Anand Swaroop

What is he best known for?

The fields of study he is best known for:

• Gene
• DNA
• Enzyme

His primary scientific interests are in Genetics, Cell biology, Macular degeneration, Molecular biology and Gene. Allele, Genome-wide association study, Retinitis pigmentosa, Genotype and Retinal degeneration are the core of his Genetics study. His Genome-wide association study research is multidisciplinary, incorporating perspectives in Genetic variation and Genetic association.

His studies examine the connections between Cell biology and genetics, as well as such issues in Retina, with regards to Retinal, Cellular differentiation and Progenitor cell. His Macular degeneration research is multidisciplinary, incorporating elements of Factor H, Disease, Genetic predisposition, Case-control study and Age related. His Molecular biology study combines topics from a wide range of disciplines, such as Homeobox, Gene expression, Transcription factor, Microarray and Leucine zipper.

His most cited work include:

• A global reference for human genetic variation. (7825 citations)
• A reference panel of 64,976 haplotypes for genotype imputation (1312 citations)
• Next-generation genotype imputation service and methods. (1165 citations)

What are the main themes of his work throughout his whole career to date?

Anand Swaroop mainly investigates Genetics, Cell biology, Retinal, Retina and Gene. Anand Swaroop regularly links together related areas like Macular degeneration in his Genetics studies. His Macular degeneration research also works with subjects such as

• Internal medicine which is related to area like Oncology,
• Genome-wide association study that connect with fields like Genetic association.
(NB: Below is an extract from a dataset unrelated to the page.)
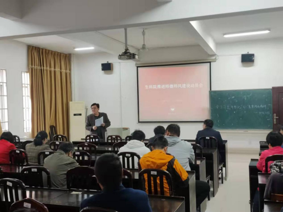 10月14日下午,各个教工支部利用主题党日活动时间组织全体教工党员学习《湖南省师德师风教育读本》,并且每位教工党员谈到自身对于师德师风建设的看法。10月18日上午,学院党委理论中心组扩大会议组织全体领导班子、系主任等教师学习《湖南省师德师风教育读本》和学校师德师风建设方案。10月18日下午,生科院召开全体教职工大会,传达教育厅蒋昌忠厅长和曹世凯组长在全省教育系统师德师风建设视频工作会上的讲话精神,引导广大教师深入学习师德师风建设相关文件,努力打造高素质专业化创新型教师队伍。生科院全方位、多举措、多角度地开展师德师风建设,旨在引导激励学院教师全面贯彻习近平总书记关于“三个牢固树立”、“四有”好老师、“四个引路人”“四个相统一”“六要”等重要论述的有关要求,做到内化于心、外化于行,树立良好师德师风,

His studies deal with areas such as Regulation of gene expression, Rod Photoreceptors, Gene expression and Anatomy as well as Cell biology. His Retinal research incorporates themes from Induced pluripotent stem cell and Organoid. Anand Swaroop has researched Gene in several fields, including Molecular biology and Computational biology.

He most often published in these fields:

• Genetics (36.02%)
• Cell biology (33.64%)
• Retinal (17.15%)

What were the highlights of his more recent work (between 2016-2021)?

• Cell biology (33.64%)
• Retinal (17.15%)
• Retina (17.41%)

In recent papers he was focusing on the following fields of study:

Cell biology, Retinal, Retina, Transcriptome and Macular degeneration are his primary areas of study. His research investigates the link between Cell biology and topics such as Retinal degeneration that cross with problems in Retinitis pigmentosa. His Retina study combines topics in areas such as Cell type and Disease.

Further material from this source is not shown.